**Task brief:**
Could you repeat exactly the lines from the one containing "大きいサイズ レディース スクエアネックハートボタンワンピース LL 3L 4L 5L" through the last line of the records, with no pictures?
(Records)
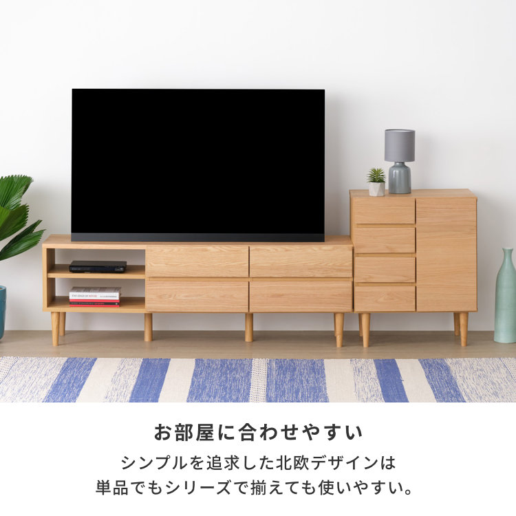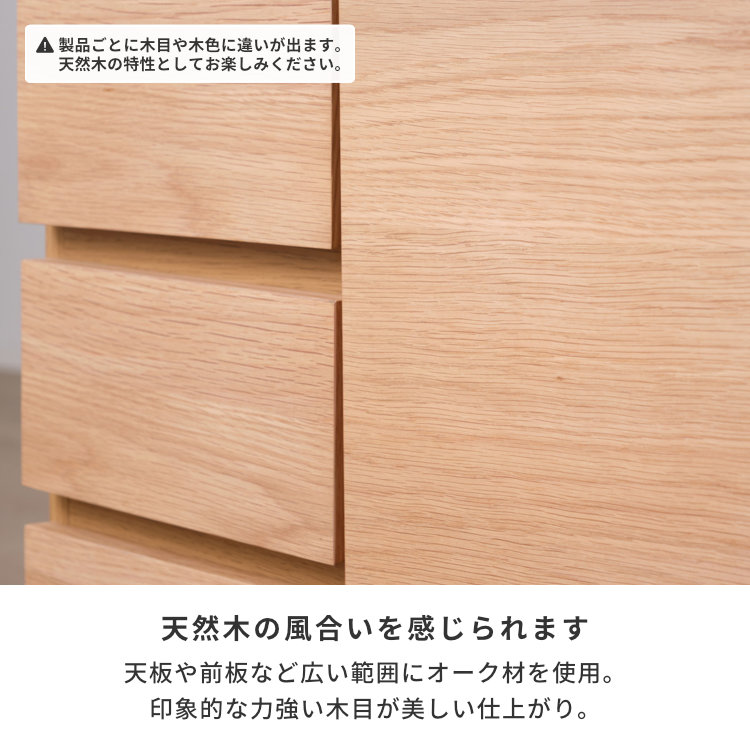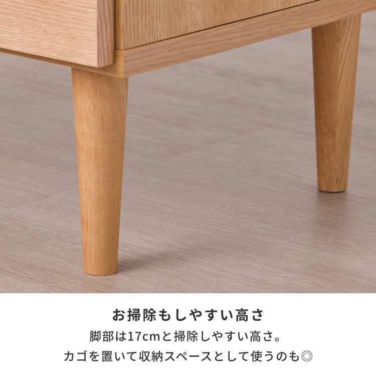 年齢性別問わずに使いやすい、シンプルなスクエアの本体にほっそりとした脚部を組み合わせた幅60cmリビングボード。天板や前板といった広い範囲にオーク材の突板を使用。力強い木目が魅力的な、天然木ならではの風合いを感じられます。よく使う小物類を収納しやすい引出しと、しまうものに合わせて高さ調節のできる棚付きの扉収納。棚板は取り外してのご使用も可能です。脚部の高さは17cm。お掃除がしやすいのはもちろん、カゴなどを置いて本体下収納スペースとしてもご活用いただけます。
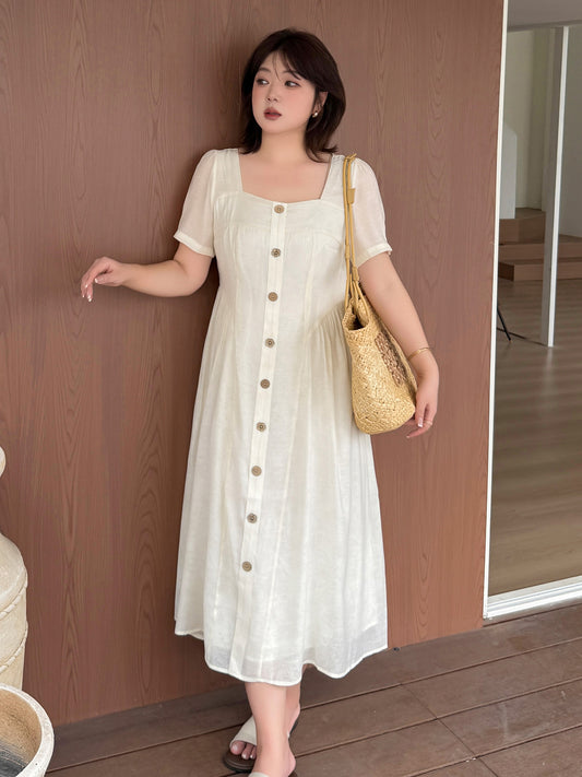 大きいサイズ レディース スクエアネックハートボタンワンピース LL 3L 4L 5L
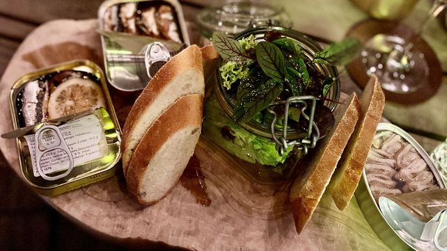 So geht’s: Aus der Crème de la Crème zwei Sardinen- oder Thunfischsorten aussuchen und das Ganze kommt mit Salat und Brot an den Tisch. Von der Jahrgangs-Sardine bis zum mit Hand und Haken gefischten Thunfisch in allen Variationen können sich die Gäste ihren Favoriten aussuchen. Währenddessen schenkt die neue Champagneria den Gästen spritzig ein.
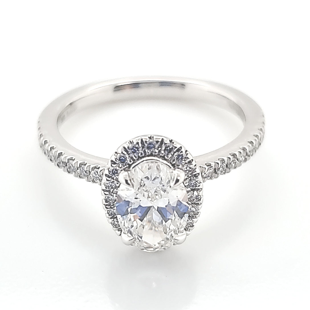 Lab Grown Diamond Engagement Ring. 14K White Gold Oval Lab Created Diamond Engagement Ring. Vs1 Clarity G Color 1.04 Carat Center Diamond. 1.29 Total Carat Weight Of Ring. GCAL 241140-29
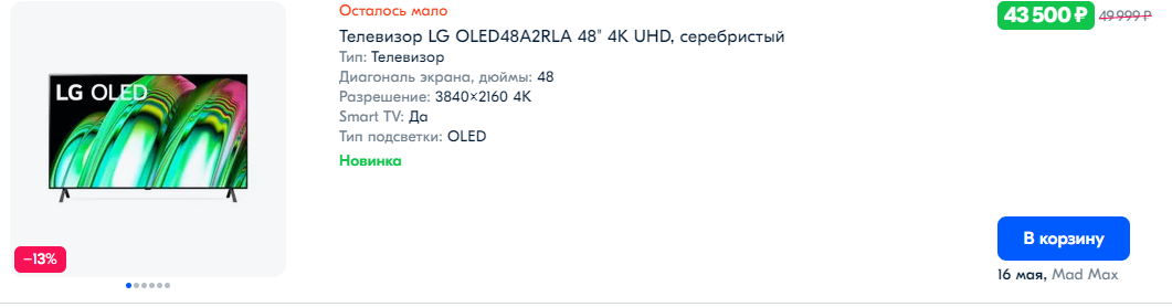 Kudv1t писал(а):На Яндекс маркете хорошая цена на тв LG OLED55C24LA.ARUB - 127182р.
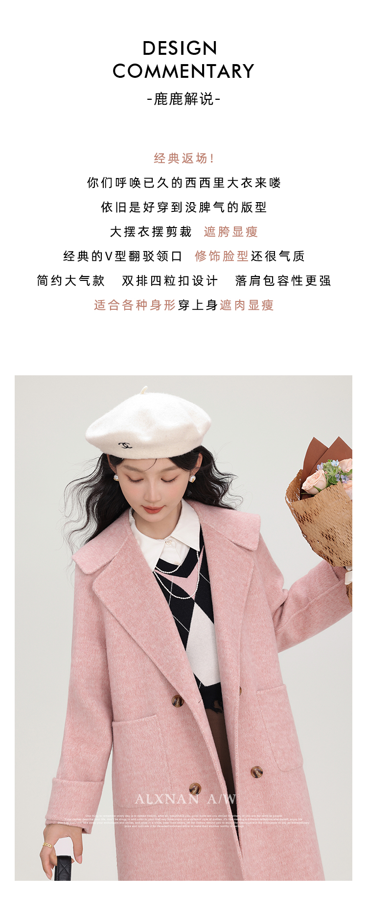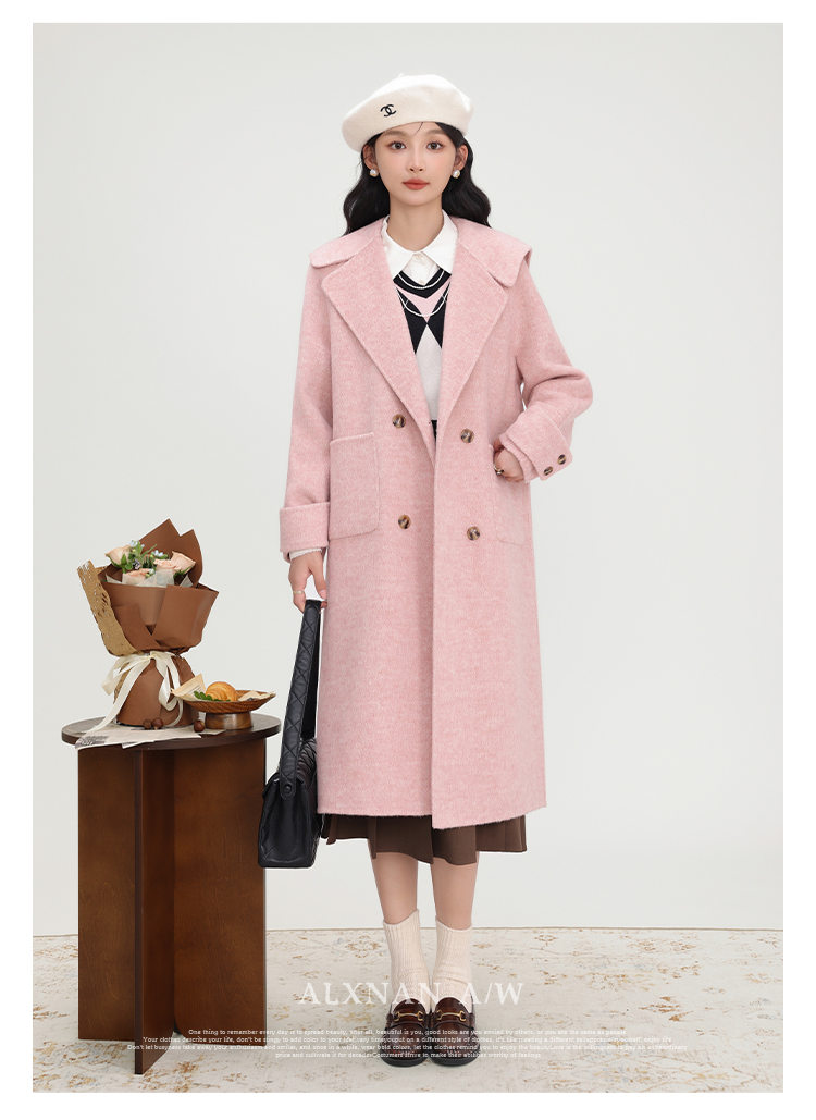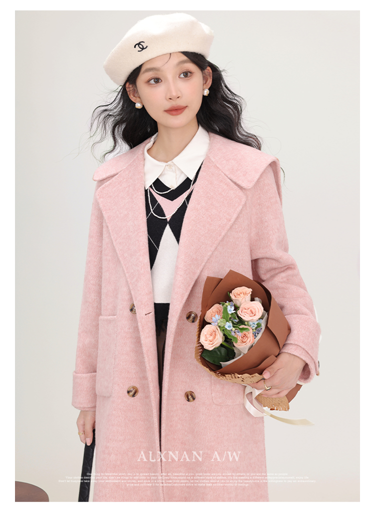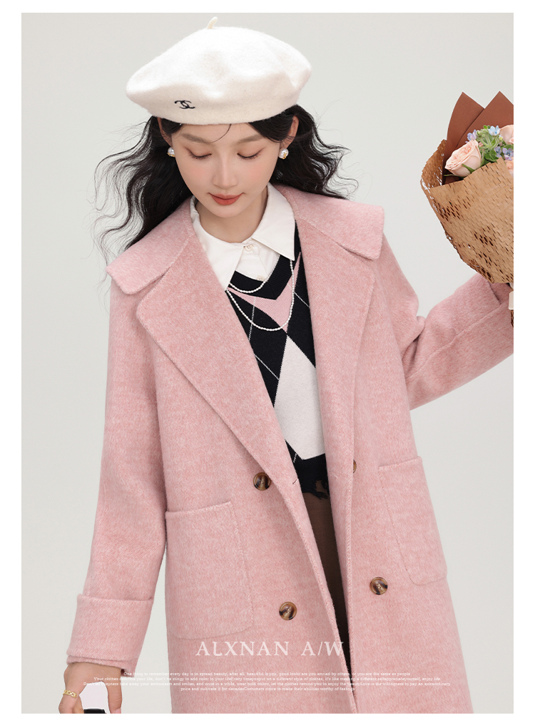 鹿向南《苏黎世少女》双面呢手工重工大衣女新款气质通勤毛呢外套
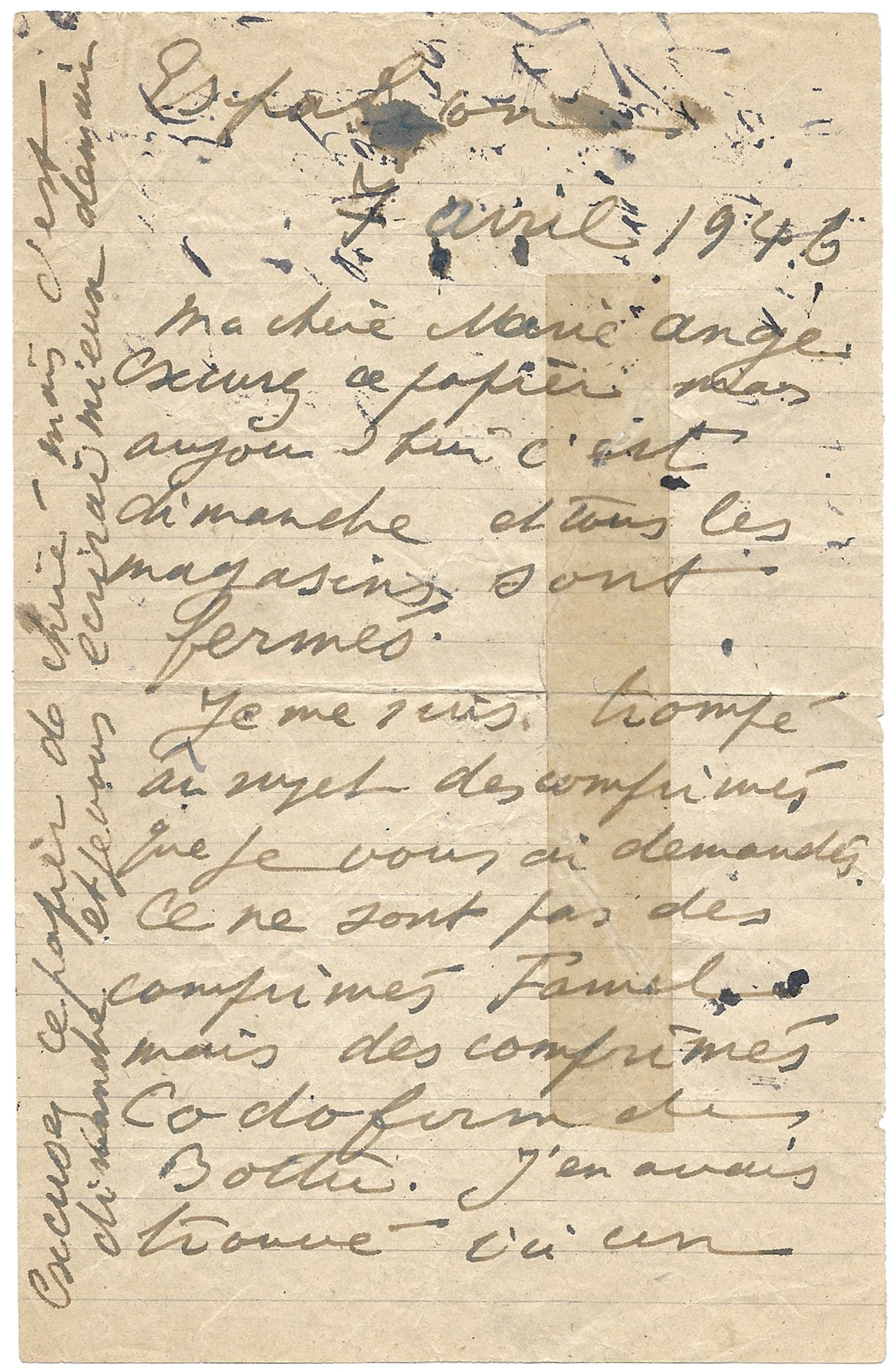 « Ma chère Marie-Ange excusez ce papier mais aujourd’hui c’est dimanche et tous les magasins sont fermés.
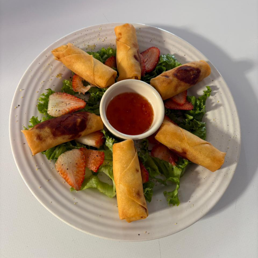 Media docena de masas rellenas de carne y verduras, acompañadas de salsa de soya
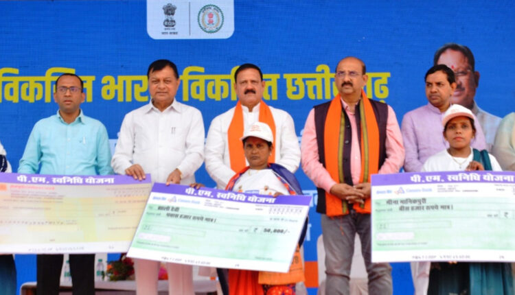 विकसित भारत विकसित छत्तीसगढ़ कार्यक्रम में मुख्य अतिथि कैबिनेट मंत्री श्री देवांगन ने इस मौके पर प्रधानमंत्री आवास योजना, उज्जवला गैस योजना, राशन कार्ड, मोटराइज्ड ट्राइसायकल के 5-5 हितग्राहियों, आयुष्मान भारत योजना के 9 हितग्राहियों को आयुष्मान कार्ड, पीएम स्वनिधि योजना के 3 हितग्राहियों, नोनी सशक्तिकरण सहायता योजना, मुख्यमंत्री निर्माण श्रमिक मृत्यु व दिव्यांग सहायता योजना, और मिनीमाता महतारी जतन 2-2 हितग्राहियों को लाभान्वित किया। उन्होंने पीएम विश्वकर्मा योजना के 9 हितग्राहियों को प्रशिक्षण प्रमाण पत्र वितरित किया।
(End Records)
**Exercise result:**
 大きいサイズ レディース スクエアネックハートボタンワンピース LL 3L 4L 5L
 So geht’s: Aus der Crème de la Crème zwei Sardinen- oder Thunfischsorten aussuchen und das Ganze kommt mit Salat und Brot an den Tisch. Von der Jahrgangs-Sardine bis zum mit Hand und Haken gefischten Thunfisch in allen Variationen können sich die Gäste ihren Favoriten aussuchen. Währenddessen schenkt die neue Champagneria den Gästen spritzig ein.
 Lab Grown Diamond Engagement Ring. 14K White Gold Oval Lab Created Diamond Engagement Ring. Vs1 Clarity G Color 1.04 Carat Center Diamond. 1.29 Total Carat Weight Of Ring. GCAL 241140-29
 Kudv1t писал(а):На Яндекс маркете хорошая цена на тв LG OLED55C24LA.ARUB - 127182р.
 鹿向南《苏黎世少女》双面呢手工重工大衣女新款气质通勤毛呢外套
 « Ma chère Marie-Ange excusez ce papier mais aujourd’hui c’est dimanche et tous les magasins sont fermés.
 Media docena de masas rellenas de carne y verduras, acompañadas de salsa de soya
 विकसित भारत विकसित छत्तीसगढ़ कार्यक्रम में मुख्य अतिथि कैबिनेट मंत्री श्री देवांगन ने इस मौके पर प्रधानमंत्री आवास योजना, उज्जवला गैस योजना, राशन कार्ड, मोटराइज्ड ट्राइसायकल के 5-5 हितग्राहियों, आयुष्मान भारत योजना के 9 हितग्राहियों को आयुष्मान कार्ड, पीएम स्वनिधि योजना के 3 हितग्राहियों, नोनी सशक्तिकरण सहायता योजना, मुख्यमंत्री निर्माण श्रमिक मृत्यु व दिव्यांग सहायता योजना, और मिनीमाता महतारी जतन 2-2 हितग्राहियों को लाभान्वित किया। उन्होंने पीएम विश्वकर्मा योजना के 9 हितग्राहियों को प्रशिक्षण प्रमाण पत्र वितरित किया।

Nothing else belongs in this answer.